I am not much of a site-seeing kind of guy. I find traveling exhausting, regardless of how beautiful the views or how fun the activities. Being a tourist is not for me. I like to stay and experience. I enjoy exploring/observing people (people watching?). Witnessing people go by their lives is soothing. There is a warm fuzzy feeling behind every smile, however mundane.

So I traveled the way I truly like, perhaps for the first time. For about 3 months trotting around the mountains of Uttrakhand, visiting people in their homes (home stays). Observing a way of life familiar yet strange.

It came as a surprise how eye-opening the experience turned out to be, despite being quite event-less. It was like learning a new language or studying math. I could almost feel my brain building new connections. This is one of the few feelings which still stays exciting even when the rat-race and hoarding have stopped being as stimulating. I did not expect to find an entirely new source of it in an experience like this.

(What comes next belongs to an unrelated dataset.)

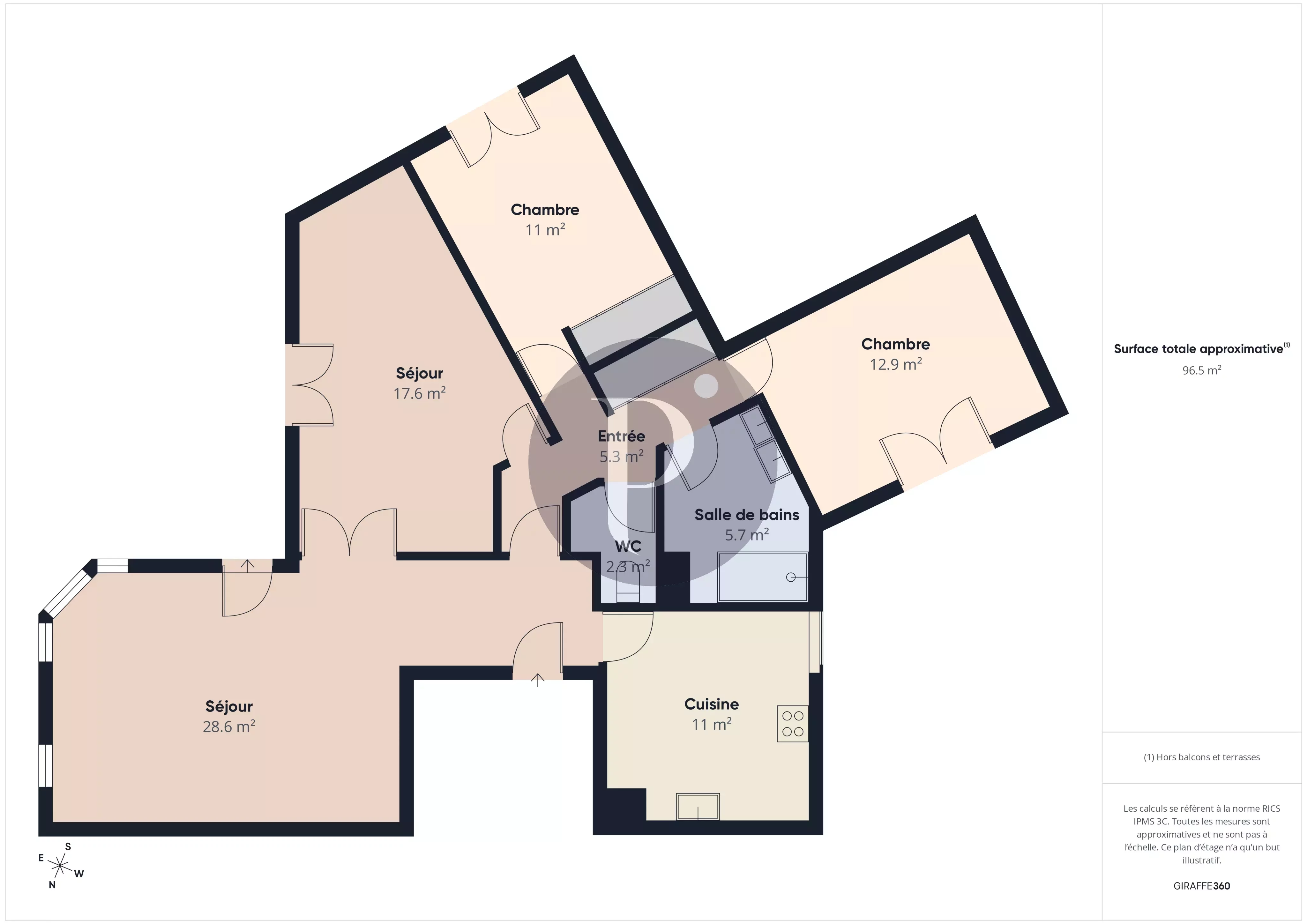 Appartement 96 m² Verrières hyper centre

It is also the easiest methods in terms of active participation, compared to all the other sources (most are a variations of intellectual exercises; solving a challenging problem, crafting an elegant solution etc). It does have its costs, but I believe they do not overlap with those of other methods; so they can be employed at the same time.

I take it to mean I can have twice of what makes me feel most alive, just by putting myself in a place 🤯

What comes next?

I can perhaps spend a few more months before I run out of savings, but the dimming safety net has already started making me anxious. I miss the tribe-like feeling of working in a team, so I am actually looking forward to join work for that.

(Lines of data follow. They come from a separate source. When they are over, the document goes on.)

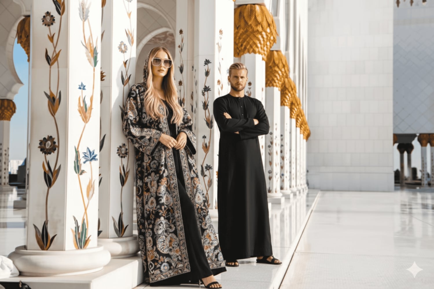 Discover Abu Dhabi’s top attractions on a luxury Mercedes tour from Dubai, featuring the Sheikh Zayed Grand Mosque with abaya for women, Qasr Al Watan Presidential Palace, and the Etihad Towers.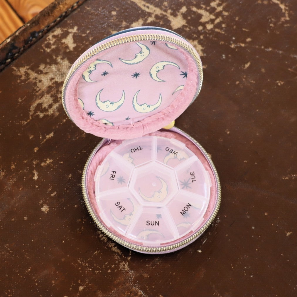 Brighten your everyday routine with this vegan leather travel pill case. Decorated in vibrant teal with a crescent moon design, it offers both style and reliable organization for your medications and vitamins.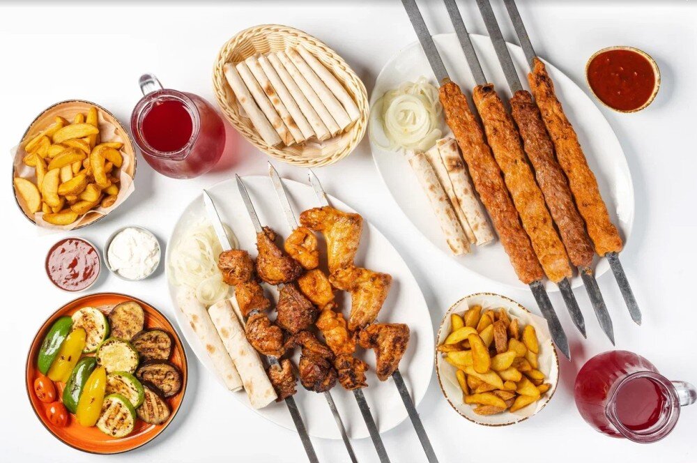 ассорти шашлыков, ассорти люля, овощи-гриль (2 шт.), айдахо (2 шт.), лаваш (2 шт.), морс брусничный (2 л)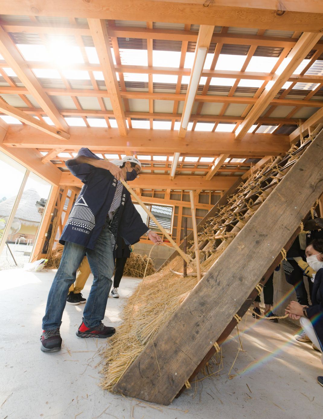 体験場には特別に組んだ体験用の屋根組があります。インストラクターの職人さんが見本を示しつつ丁寧にレクチャーしてくれるので、それに従って屋根を葺いていきます。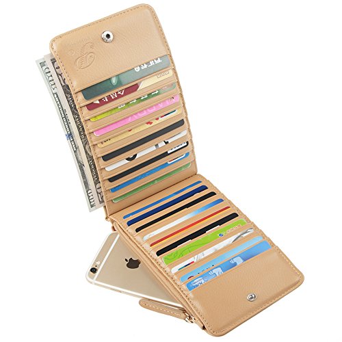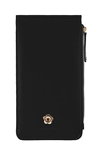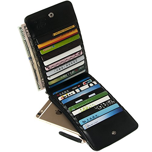 -. Feature : Dimension: 7.8"L x 3.9"W x 0.8"H(fit for iphone6/6s well);Weight:3.72 ounces / 22 card slots; 1 ID window; 2 zipper pocket / A snap closure is designed for the safety of your properties / Ultra-thin design,straight and tight seams brighten up the wallet / RFID BLOCKING - tested & approved by independent test Lab for frequency 10Mhz to 30Ghz, including 13.56 MHz in which our passport, credit cards, debit cards and ID cards operate;but NOT bolck any old Khz signal,easy to Shield against unauthorized RFID NFC and BLE scans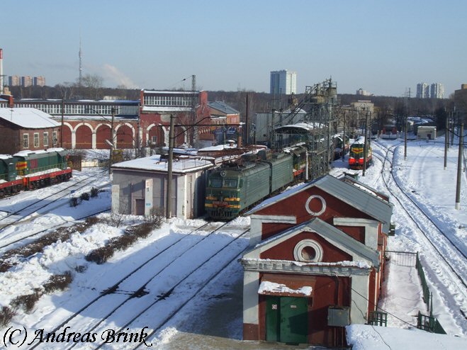 ЧМЭ3-656 ist wegen der Finanzkrise gerade arbeitslos geworden und wartet im Depot Moskau-Krassnij Baltijez auf bessere Zeiten...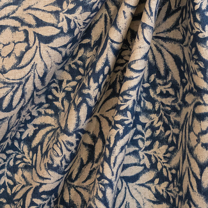 Indigo Grove makes for a striking option if you're looking for something with a regal yet understated feel. Intricate swooping cream-coloured leaves swirl over a navy-blue background. Perfect for occasional and everyday use upholstery, cushions and curtaining.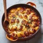 This French Onion Gnocchi recipe features tender, store-bought gnocchi tossed in a rich caramelized onion sauce with thyme, garlic, white wine, and a blend of cheeses including Gruyère and Parmesan. The sauce is slowly simmered to develop deep flavors, then finished under the broiler for a bubbly, golden cheese topping. Perfect served with crusty bread, mashed potatoes, or a fresh salad for a comforting meal.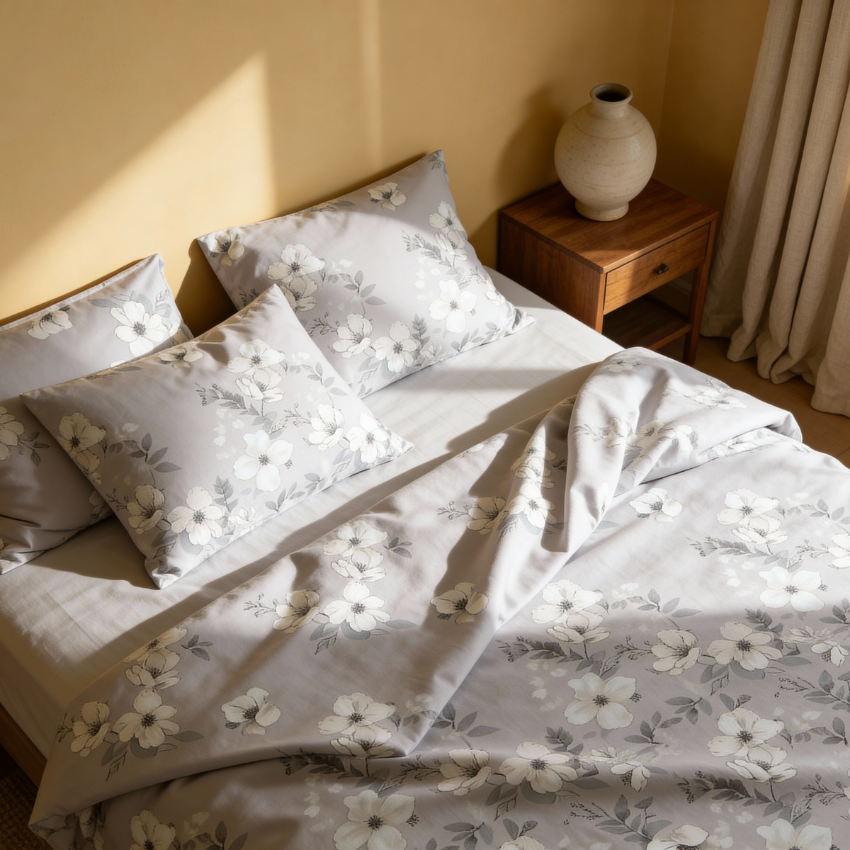 100% хлопковый сатин высокого качества придает ткани неповторимую мягкость, роскошное легкое сияние и долговечность. Идеально подходит для тех, кто ценит качество и эстетику в своей спальне.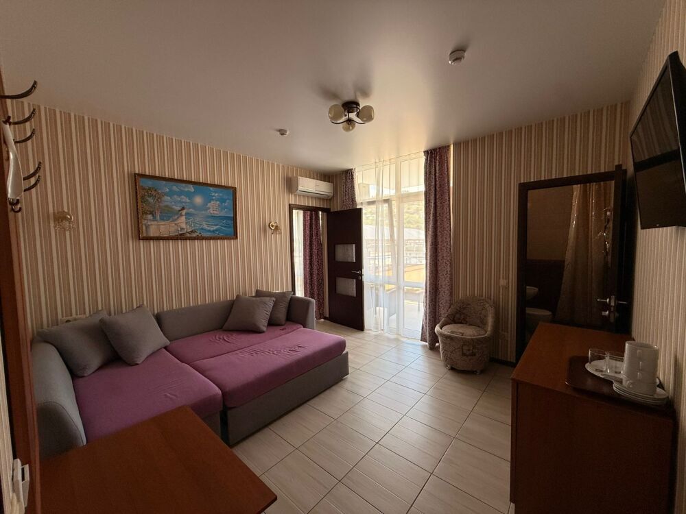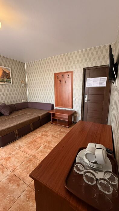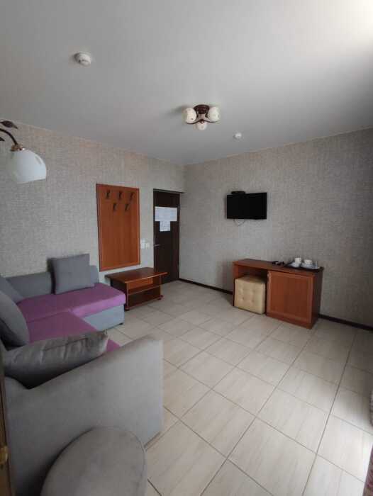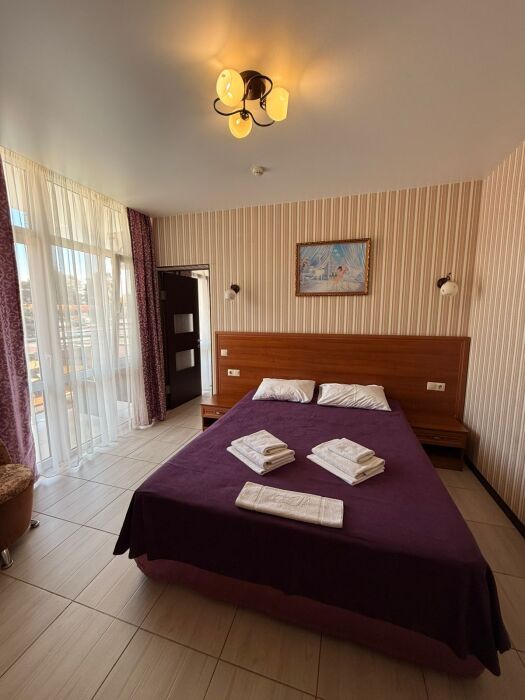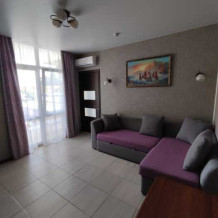 Номер состоит из гостиной и спальни. В гостнной расположен 2-местный раскладной диван (140*190), в спальне - двуспальная кровать (160*200). В номере: 2 телевизора жк (20 каналов), 2 сплит-системы, мини-холодильник, сейф, фен, набор посуды для чая и напитков, душ, туалет, балкон с сушилкой для белья и летней мебелью. Номера данной категории находятся на 2 и 3 этаже.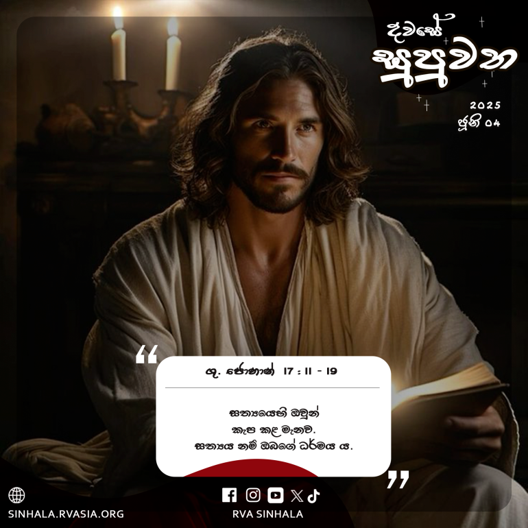 11 මම තවත් ලෝකයෙහි නොසිටිමි. එහෙත් ඔව්හු ලෝකයෙහි සිටිති. මම ඔබ වෙතට එන්නෙමි. සුවිශුද්ධ පියාණෙනි, අප මෙන් ඔවුන් ද, ඒකත්වයක් වන පිණිස, ඔබ මට දුන් ඔබගේ නාමයේ අනුහසින් ඔවුන් ආරක්ෂා කළ මැනව. 12 මම ඔවුන් සමඟ සිටිය දී ඔබ මට දුන් ඔබගේ නාමයේ අනුහසින් මම ඔවුන් ආරක්ෂා කෙළෙමි. මම ඔවුන් රැකබලාගතිමි. ශුද්ධ ලියවිල්ල සම්පූර්ණ වන පිණිස, විනාශයේ පුත්රයා හැර අන් කිසිවෙක් විනාශ නොවූ හ. 13 එහෙත් දැන් මම ඔබ වෙතට එමි. මා ලෝකයෙහි දී මේ දේවල් ප්රකාශ කරන්නේ, මාගේ ප්රීතිය ඔවුන් තුළ සම්පූර්ණයෙන් ම ඇති වන පිණිස ය. 14 මම ඔවුන්ට ඔබගේ දහම දුනිමි. මා ලෝකයට අයිති නොවන සේ ම, ඔවුන් ද ලෝකයට අයිති නොවන බැවින්, ලෝකයා ඔවුන්ට ද්වේෂ කළහ. 15 ඔබ ලෝකයෙන් ඔවුන් වෙන් කරන මෙන් මම යාච්ඤා නොකරමි; නපුරාගෙන් ඔවුන් ආරක්ෂා කරන මෙන් යාච්ඤා කරමි. 16 මා ලෝකයෙන් නොවන්නාක් මෙන් ම ඔව්හු ද ලෝකයෙන් නොවෙති. 17 සත්යයෙහි ඔවුන් කැප කළ මැනව; සත්යය නම් ඔබගේ ධර්මය ය. 18 ඔබ මා ලෝකයට එවා වදාළාක් මෙන්, මම ද ඔවුන් ලෝකයට යැවීමි. 19 ඔවුන් සත්යයට කැප වන පිණිස, මම ඔවුන් උදෙසා කැප වෙමි.

Most freeing would be to start a business of my own; not because it will leave me with more free time, but because I can feel more like myself when working on something I find meaningful. But that won't be profitable right out of the door, so perhaps after a bit more grinding I can save up to give myself a chance.

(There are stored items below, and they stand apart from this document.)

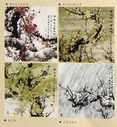 左上:梅华枝上春如雪;右上:香似海沉黄如酒;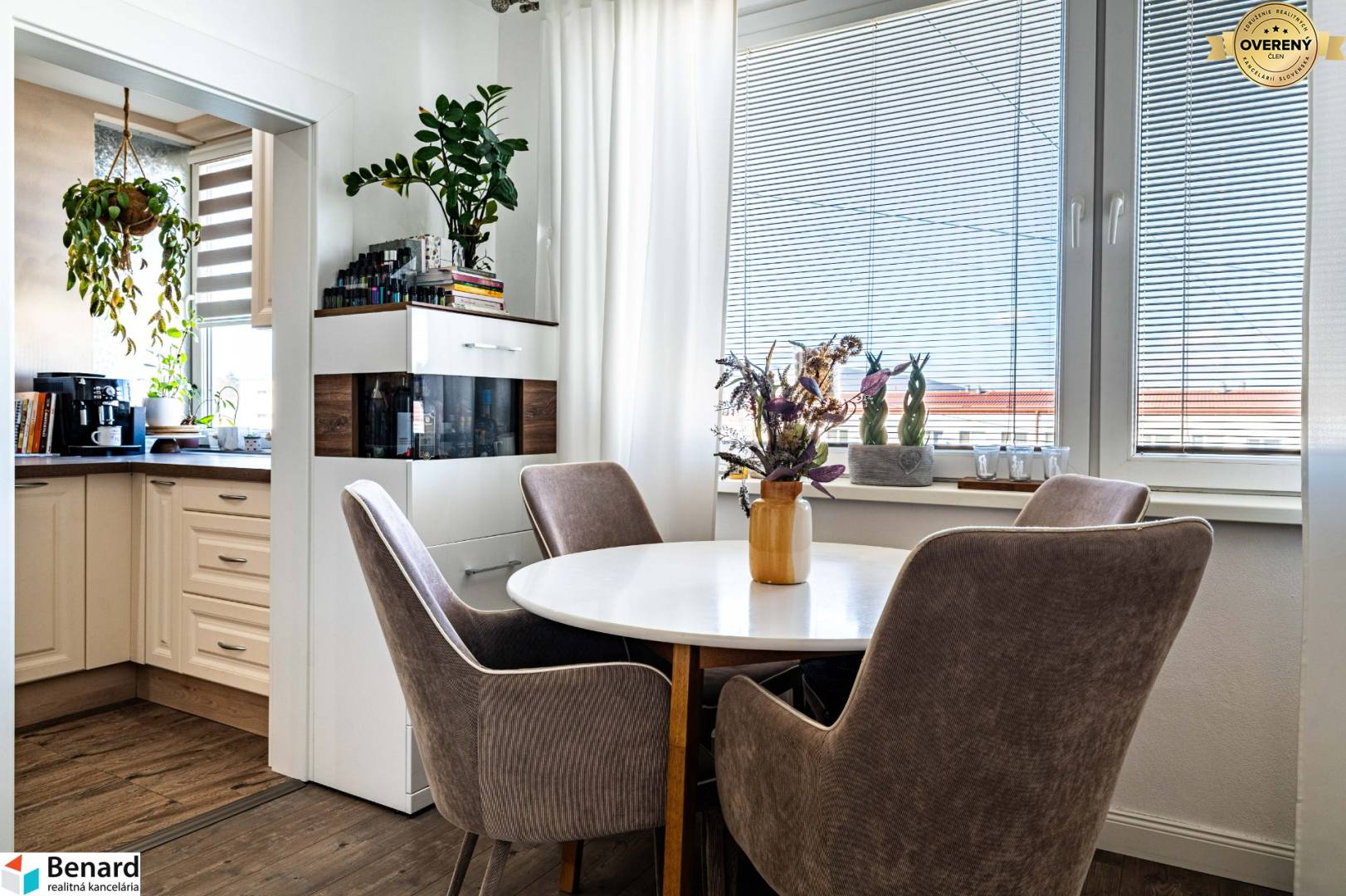 PREDANÉ: Hľadáte nehnuteľnosť po rekonštrukcii a čiastočne zariadenú? Ponúkame na PREDAJ krásny 3 -izbový byt, ktorý sa nachádza na ulici Obchodná, v Sečovciach. Benefitom je, že izby sú priestranné a neprechodné. Poskytujú tak dostatok úložného priestoru a súkromie. V spálni a v detskej izbe je klimatizačná jednotka. Úžitková plocha je 69m2. Vychutnať si svoj obľúbený nápoj môžete na útulnej loggii, ktorá je zasklená a má aj látkové žalúzie. Byt sa nachádza na 6.poschodí a má pivnicu. V bytovom dome je výťah. Bývanie je tu tiché, nakoľko je bytovka situovaný mimo hlavného ťahu. Navyše, v tesnej blízkosti nie je ďalšia bytovka, čo zabezpečuje väčšie súkromie. [b]Za výhody tejto ponuky považujem: [/b]- veľa zelene v okolí, - kúpa je vhodná aj na účely prenájmu, - byt je priestranný a má veľa úložného priestoru, - k dispozícii je zasklená loggia a pivnica, - v byte sú dve klimatizácie, - v kúpeľni je okno, - slušný vchod a milí susedia, - kompletná rekonštrukcia, ktorá prebehla pred 6 rokmi, - pred kúpou tejto nehnuteľnosti získate od nás informácie o najvhodnejšom hypotekárnom úvere priamo pre Vás. V prípade, že Vás ponuka zaujala, kontaktujte nás na číslo 0903 367 922 a dohodnite si s nami obhliadku. Tešíme sa na stretnutie.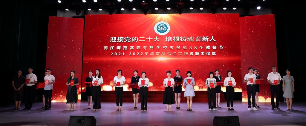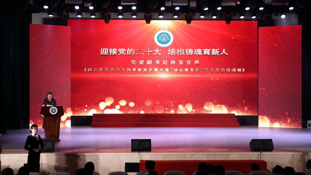 党委副书记林旻宣读《闽江师范高等专科学校关于第六届“冰心教育奖”评选结果的通知》。与会领导给2021-2022学年度校先进工作者、从事教育事业年限男满30周年(女满25周年)的教师、第六届“冰心教育奖”获得者颁发证书。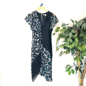 A layered dress with ruffle sleeves and ruffles detailing the front. Working draw strings around the waist and a button on the back. A semi asymmetrical front with a fun almost leopard print design.

The grind is decided, but I will not choose misery along with. I intend to chase the feeling of growth and fulfillment. With these constraints, some more decisions make themselves:

  1. I can't stay at home. Being home is extremely comfortable, but with comfort comes stagnation.
  2. I need a job which leaves me with enough time I can invest in something demanding like math
  3. I need to put myself in a foreign culture

Putting these into practice, I have decided I'll move to Berlin for a few years. The city makes itself a good place to be for me for a few reasons:

  • Practically, it is perhaps the easiest to immigrate to for an individual Indian citizen, with a job in hand
  • It has a good hacker culture, something I've always wanted to experience but have only ever read about
  • German culture seem like a great fit for my personal tastes
  • I get to learn a new language
  • German work culture is praised (on the Internet) for respecting boundaries and giving a priority to life over money
  • If I ever decide to seek higher education (which is likely), German education policies are good

Now that that is decided, what's left to figure out is how to go about it.

Conclusion

After 6 months of voluntary unemployment, I am the same man I was before it. Things I experienced and burdens I unburdened could be achieved by other means as well. Perhaps I've sown seeds to make me a different person in future, but they will take time to bloom. It is a guessing game, same as what might have happened had I done it differently.

As for the journey to be where I already was, I'll do it again if I can.